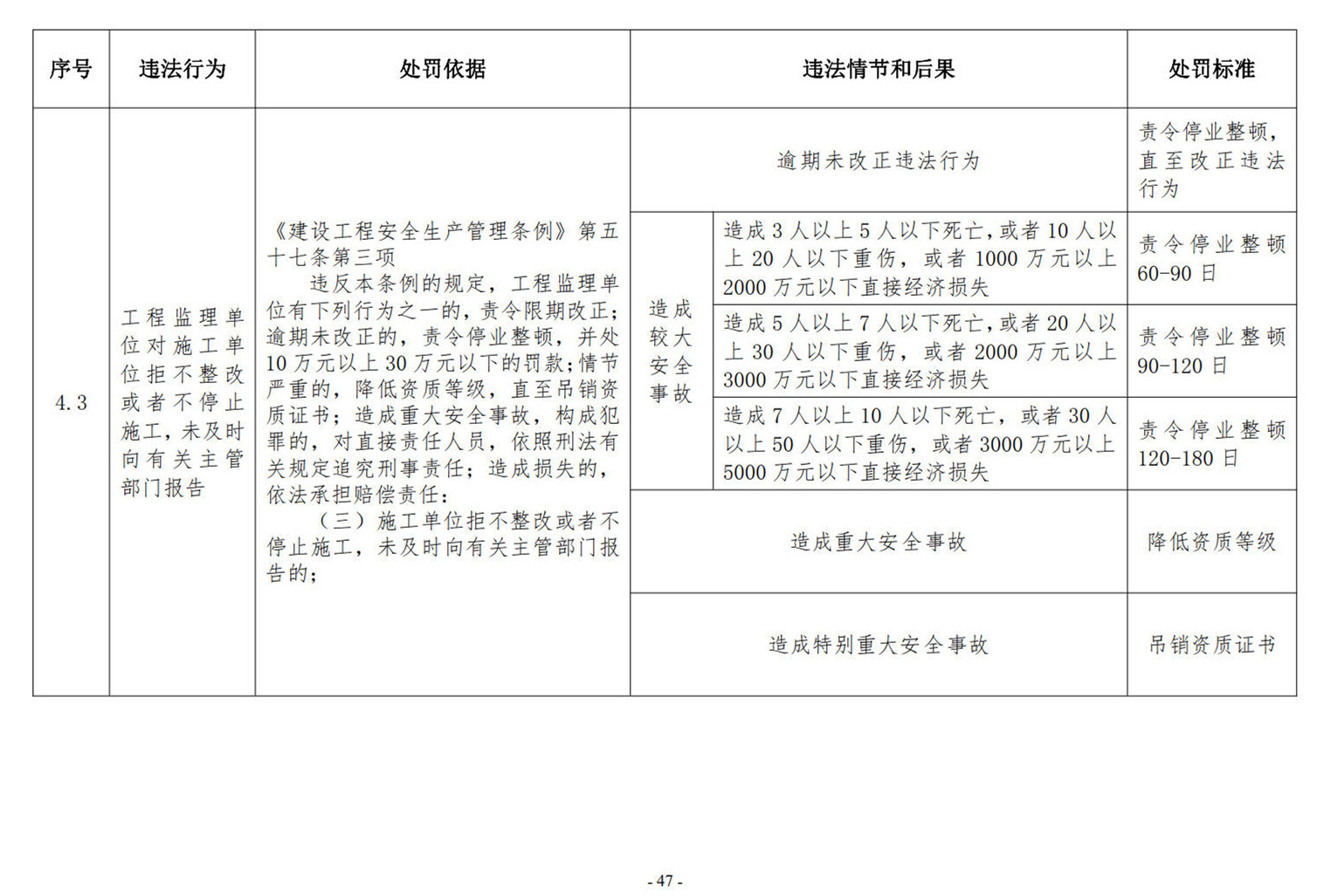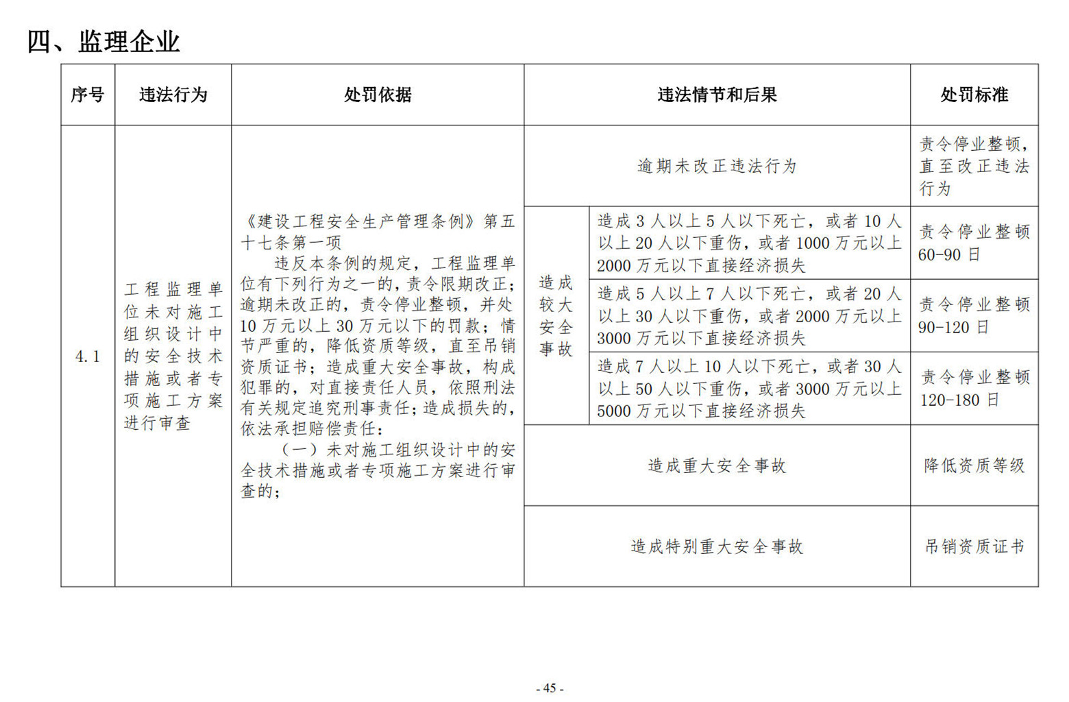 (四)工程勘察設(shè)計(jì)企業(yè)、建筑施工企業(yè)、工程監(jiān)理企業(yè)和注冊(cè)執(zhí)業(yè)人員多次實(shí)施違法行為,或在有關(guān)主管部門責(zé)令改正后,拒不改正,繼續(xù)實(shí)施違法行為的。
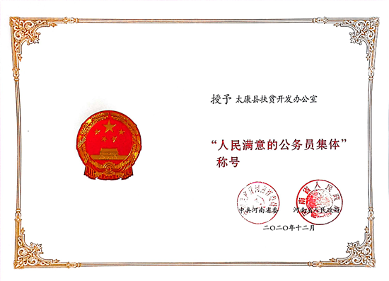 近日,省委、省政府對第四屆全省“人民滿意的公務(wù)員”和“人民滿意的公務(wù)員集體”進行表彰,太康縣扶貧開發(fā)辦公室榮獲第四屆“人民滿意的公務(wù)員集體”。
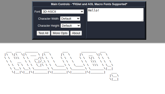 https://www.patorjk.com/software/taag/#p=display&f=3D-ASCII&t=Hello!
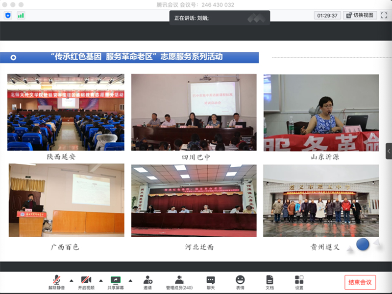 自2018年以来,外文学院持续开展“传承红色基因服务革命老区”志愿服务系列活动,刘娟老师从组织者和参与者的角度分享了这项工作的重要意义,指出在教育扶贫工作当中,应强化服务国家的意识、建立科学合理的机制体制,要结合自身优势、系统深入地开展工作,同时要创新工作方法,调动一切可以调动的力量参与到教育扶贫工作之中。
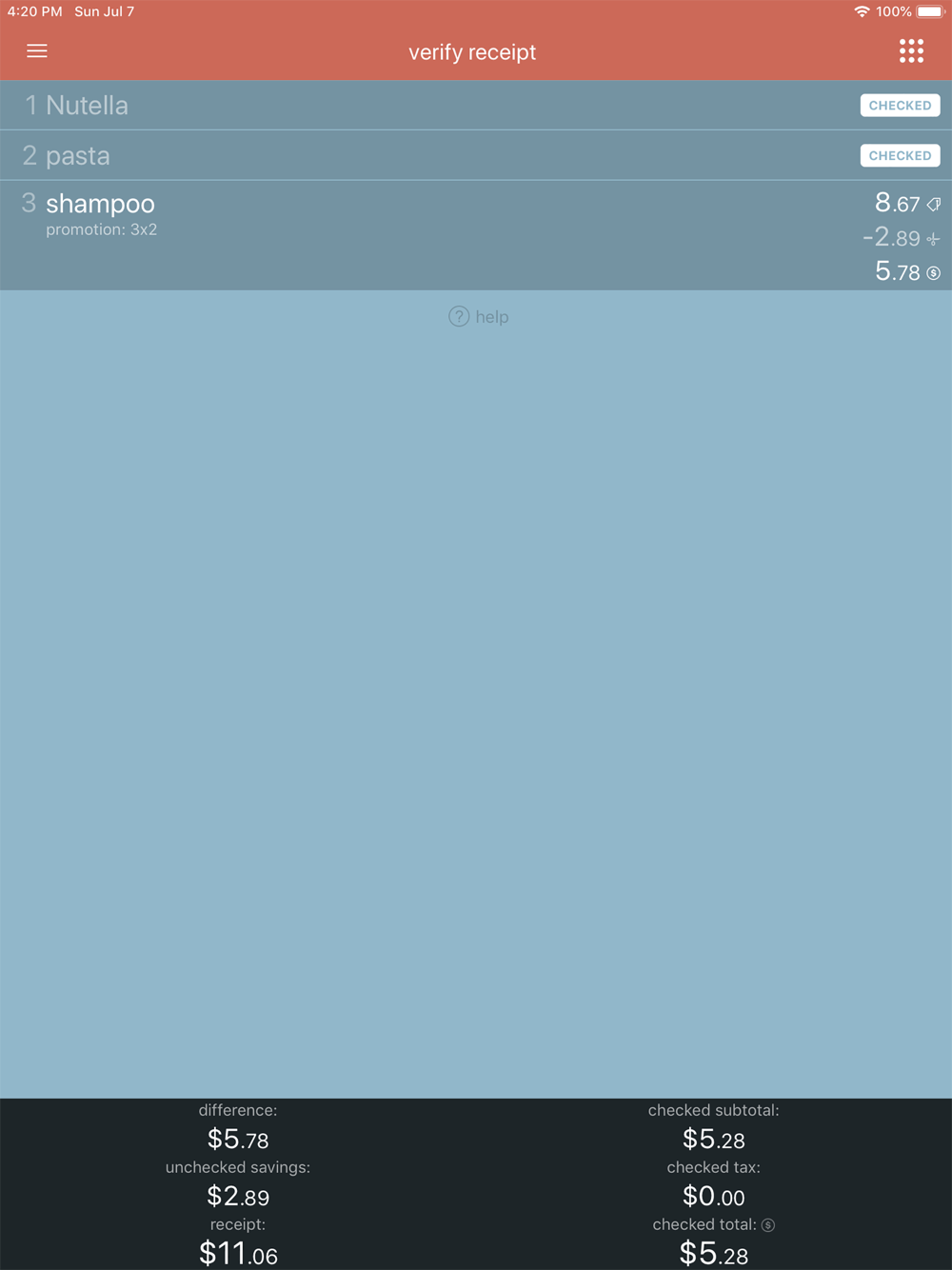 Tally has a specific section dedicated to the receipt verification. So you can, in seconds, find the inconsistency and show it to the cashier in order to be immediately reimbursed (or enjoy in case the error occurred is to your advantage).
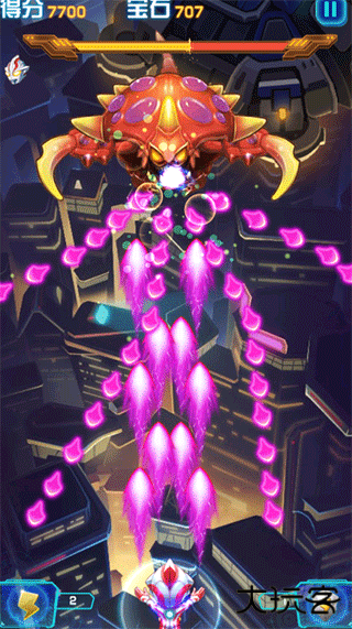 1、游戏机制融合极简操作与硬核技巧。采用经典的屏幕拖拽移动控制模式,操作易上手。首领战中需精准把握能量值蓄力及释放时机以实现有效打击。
· · · · ·
[What you should do]
Copy out all the data exactly; skip the pictures.

[Task solution]
 (四)工程勘察設(shè)計(jì)企業(yè)、建筑施工企業(yè)、工程監(jiān)理企業(yè)和注冊(cè)執(zhí)業(yè)人員多次實(shí)施違法行為,或在有關(guān)主管部門責(zé)令改正后,拒不改正,繼續(xù)實(shí)施違法行為的。
 近日,省委、省政府對第四屆全省“人民滿意的公務(wù)員”和“人民滿意的公務(wù)員集體”進行表彰,太康縣扶貧開發(fā)辦公室榮獲第四屆“人民滿意的公務(wù)員集體”。
 https://www.patorjk.com/software/taag/#p=display&f=3D-ASCII&t=Hello!
 自2018年以来,外文学院持续开展“传承红色基因服务革命老区”志愿服务系列活动,刘娟老师从组织者和参与者的角度分享了这项工作的重要意义,指出在教育扶贫工作当中,应强化服务国家的意识、建立科学合理的机制体制,要结合自身优势、系统深入地开展工作,同时要创新工作方法,调动一切可以调动的力量参与到教育扶贫工作之中。
 Tally has a specific section dedicated to the receipt verification. So you can, in seconds, find the inconsistency and show it to the cashier in order to be immediately reimbursed (or enjoy in case the error occurred is to your advantage).
 1、游戏机制融合极简操作与硬核技巧。采用经典的屏幕拖拽移动控制模式,操作易上手。首领战中需精准把握能量值蓄力及释放时机以实现有效打击。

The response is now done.